September 16, 2021 6:19 pm

What is the Fair Credit Reporting Act?

What does it mean to have good or bad credit?

Having good credit means that according to your past creditors, your record is clean. You made payments, and paid off Credit Repair Blueprint your past debts satisfactorily. Having bad credit is just the opposite. Your record shows that you have not paid off your past debts as agreed. This could mean late payments, collections, non-pays etc… This information is held at the “credit bureau”, and is provided to those businesses that request it.

What is the Fair Credit Reporting Act?

The Fair Credit Reporting Act is the federal law that governs credit bureaus. The law was written to protect consumers from the obvious power that credit bureaus can have over their lives.

Do I have a right to know what my credit report says about me?

Yes, the Fair Credit Reporting Act guarantees you that right. This law also gives you the right to obtain a copy of your report for free, with a letter of denial of credit, if that denial of credit was due to information found on your credit report.

What is on my report?

Your credit report contains information about your credit card accounts, loans, charge accounts, and items of public record such as bankruptcies, tax liens, and judgments. It will list each account on record, who the account was with, how much was borrowed, how much was paid, and how timely the payments were made. It will also list any accounts sent to collection agencies, accounts not paid in full, and defaulted loans.

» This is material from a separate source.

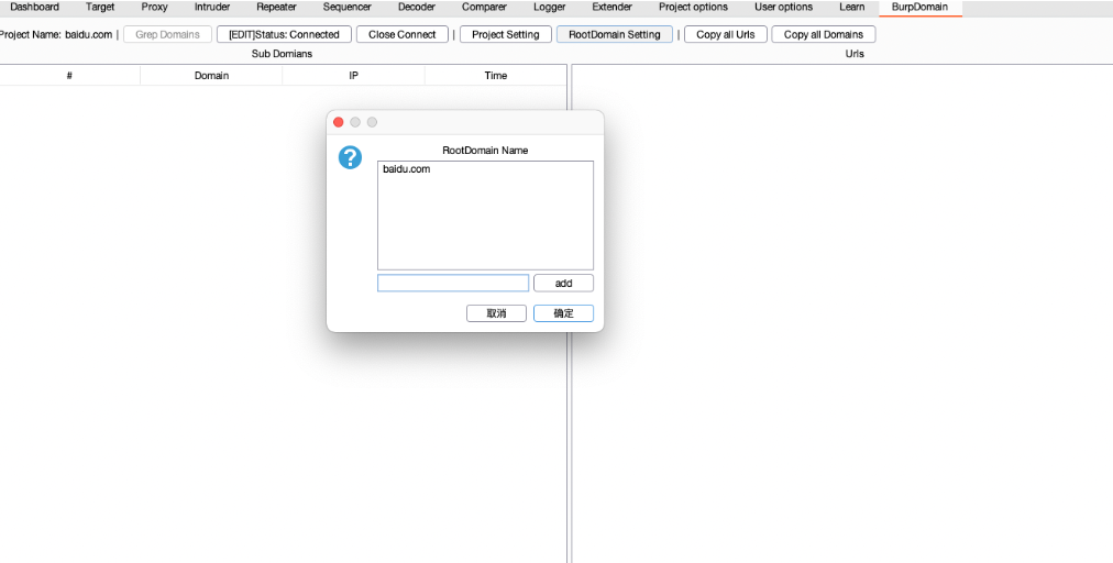 点击RootDomain Setting按钮,将需要的爬取的根域名都添加上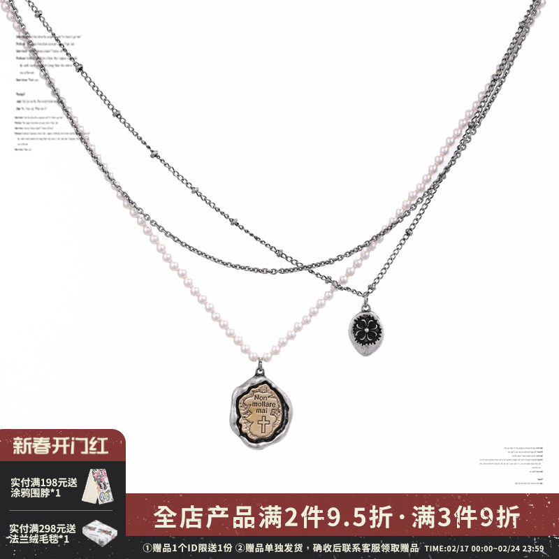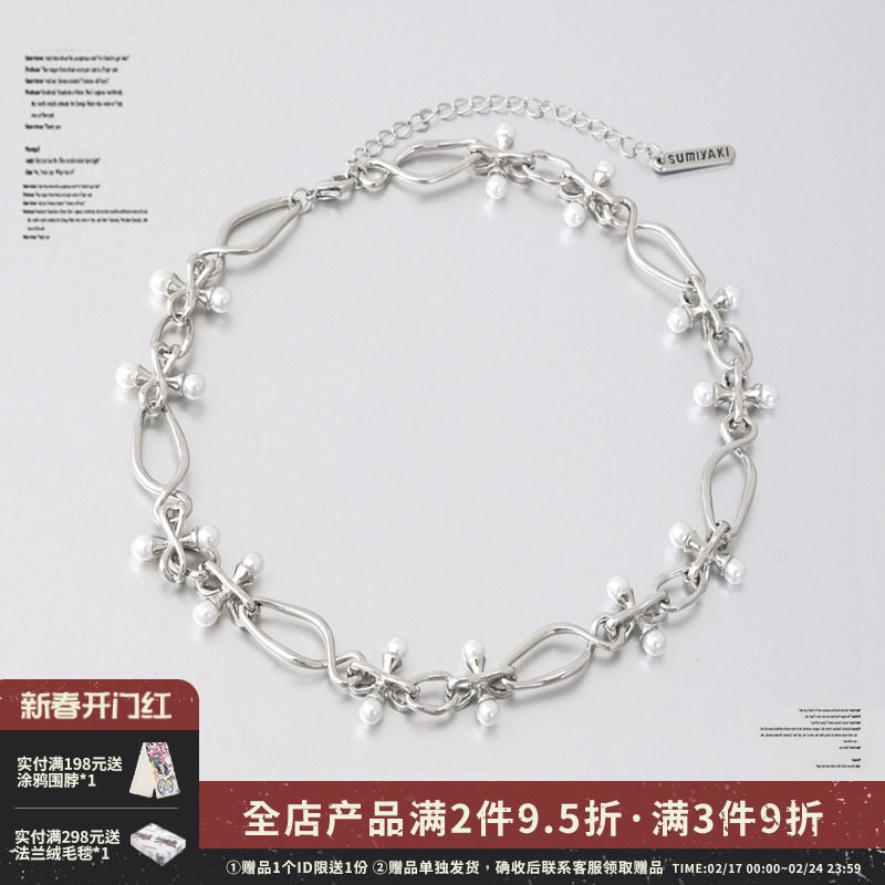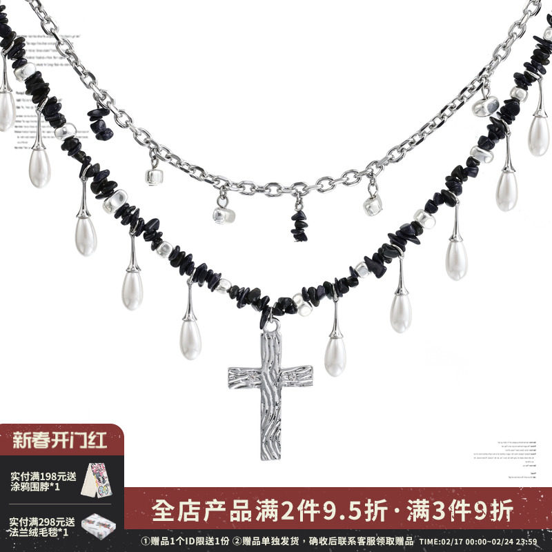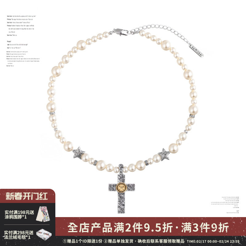 SUMIYAKI 古着感废土感项链 十字架黑白珍珠双层项链女吊坠

Who has access to my report?

According to the Fair Credit Reporting Act, anyone with a “legitimate business need”. However, in most cases the report is only provided to credit grantors, employers or prospective employers, landlords, and insurance underwriters.

Are ALL of my accounts listed on my credit report?

Probably not. Businesses have a right (but not the obligation) to report to any or all credit bureaus, at their discretion. Your previous credit grantors might have reported your credit experience to just one credit bureau, all three large credit bureaus, or they might not have reported it to any credit bureau. However, most large credit grantors report to TRW, TransUnion, or Equifax.

What will it cost me to get a copy of my report?

You can acquire a report from the credit reporting agencies below for free. If you’re located in the United States and Canada, you can do this once a year. You also may obtain a free copy of your report from any credit bureau that provided information that caused you to be turned down for credit.

For complete, up to date information how to receive a copy of your credit report, you may contact the three largest credit bureaus directly at:

TRW (800) 392-1122 Trans Union (714) 738-3800 Equifax (800) 685-1111

This information is provided for informational purposes only. The author assumes No liability. You should retain professional legal or financial assistance if required.